INFORMATION PROVIDED Start Marker

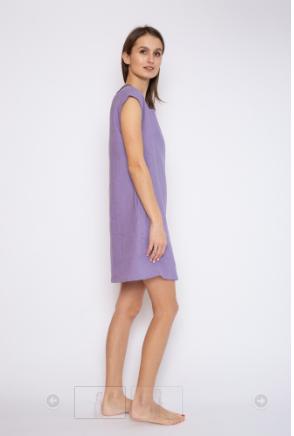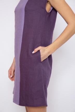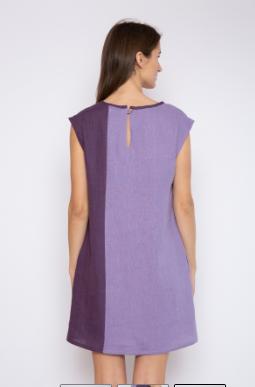 Hihaton pellavakankainen tunikamekko. Sen pääntien huoliteltu kauniisti korostaen erivärisellä terenauhalla. Hihattoman tunikamekon olkapää jatkuu ns. holkkihihaksi.Yläosastaan muotoonommeltu ja päällelaittoa helpottaa takana niskassa oleva yhden napin kiinnitys. Tunikamekko on linjastoltaan kevyesti A-linjainen, helppo ja huoleton.
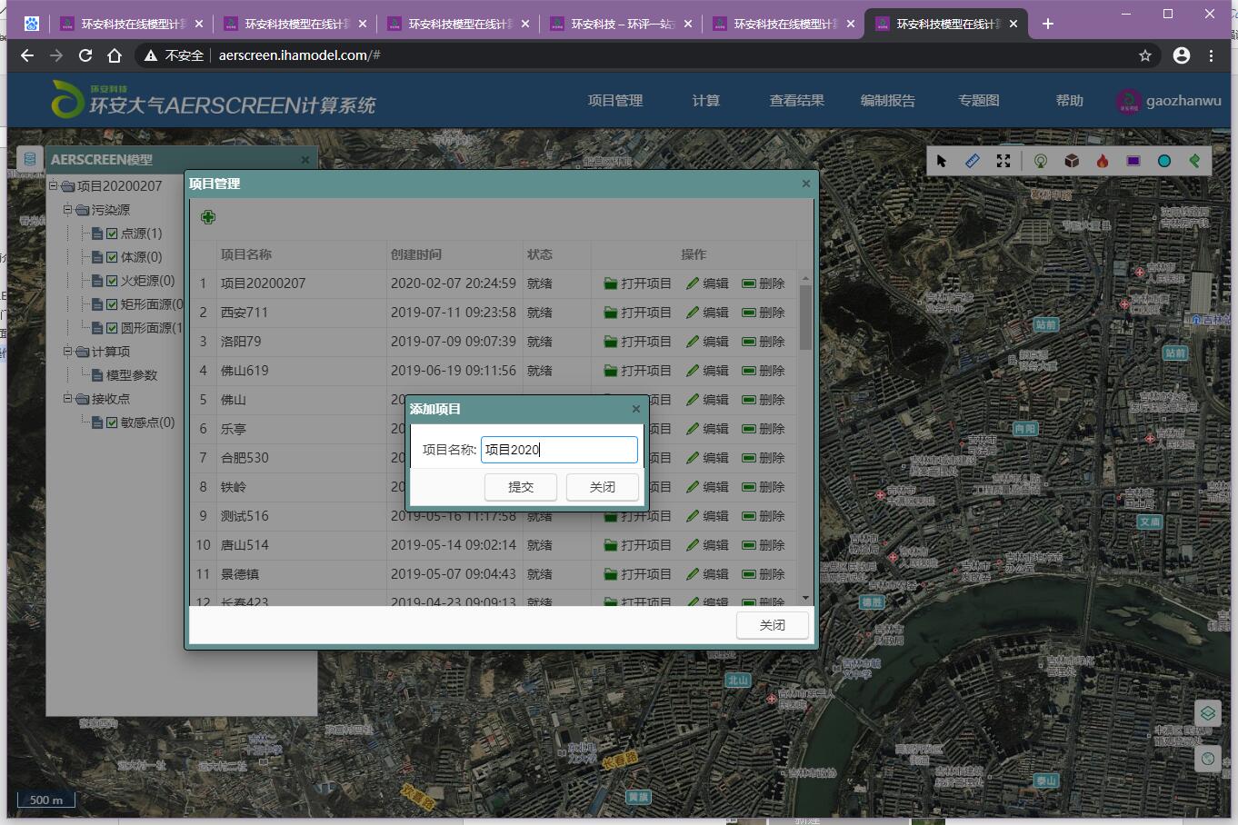 在界面右上位置是模型的菜单栏,包括项目管理、计算、查看、模型、编制报告、专题图、帮助;界面左侧的项目窗口,包括污染源、计算项、接收点;界面的右下角显示界面比例尺;左下角有光标位置的实时经纬度坐标、图层切换选项、图层控制按钮。
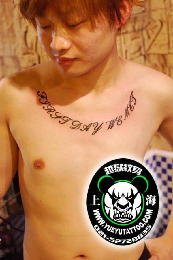 胸部弧形字体纹身图案上海越狱纹身店作品_汉字纹身图案大全_纹身图吧
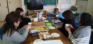 12月25日に軽作業や配布員さんたちとお昼の時間に

INFORMATION PROVIDED End Marker

§ TASK INSTRUCTIONS
Give the data again exactly as written, with no pictures included.

§ TASK SOLUTION
 Hihaton pellavakankainen tunikamekko. Sen pääntien huoliteltu kauniisti korostaen erivärisellä terenauhalla. Hihattoman tunikamekon olkapää jatkuu ns. holkkihihaksi.Yläosastaan muotoonommeltu ja päällelaittoa helpottaa takana niskassa oleva yhden napin kiinnitys. Tunikamekko on linjastoltaan kevyesti A-linjainen, helppo ja huoleton.
 在界面右上位置是模型的菜单栏,包括项目管理、计算、查看、模型、编制报告、专题图、帮助;界面左侧的项目窗口,包括污染源、计算项、接收点;界面的右下角显示界面比例尺;左下角有光标位置的实时经纬度坐标、图层切换选项、图层控制按钮。
 胸部弧形字体纹身图案上海越狱纹身店作品_汉字纹身图案大全_纹身图吧
 12月25日に軽作業や配布員さんたちとお昼の時間に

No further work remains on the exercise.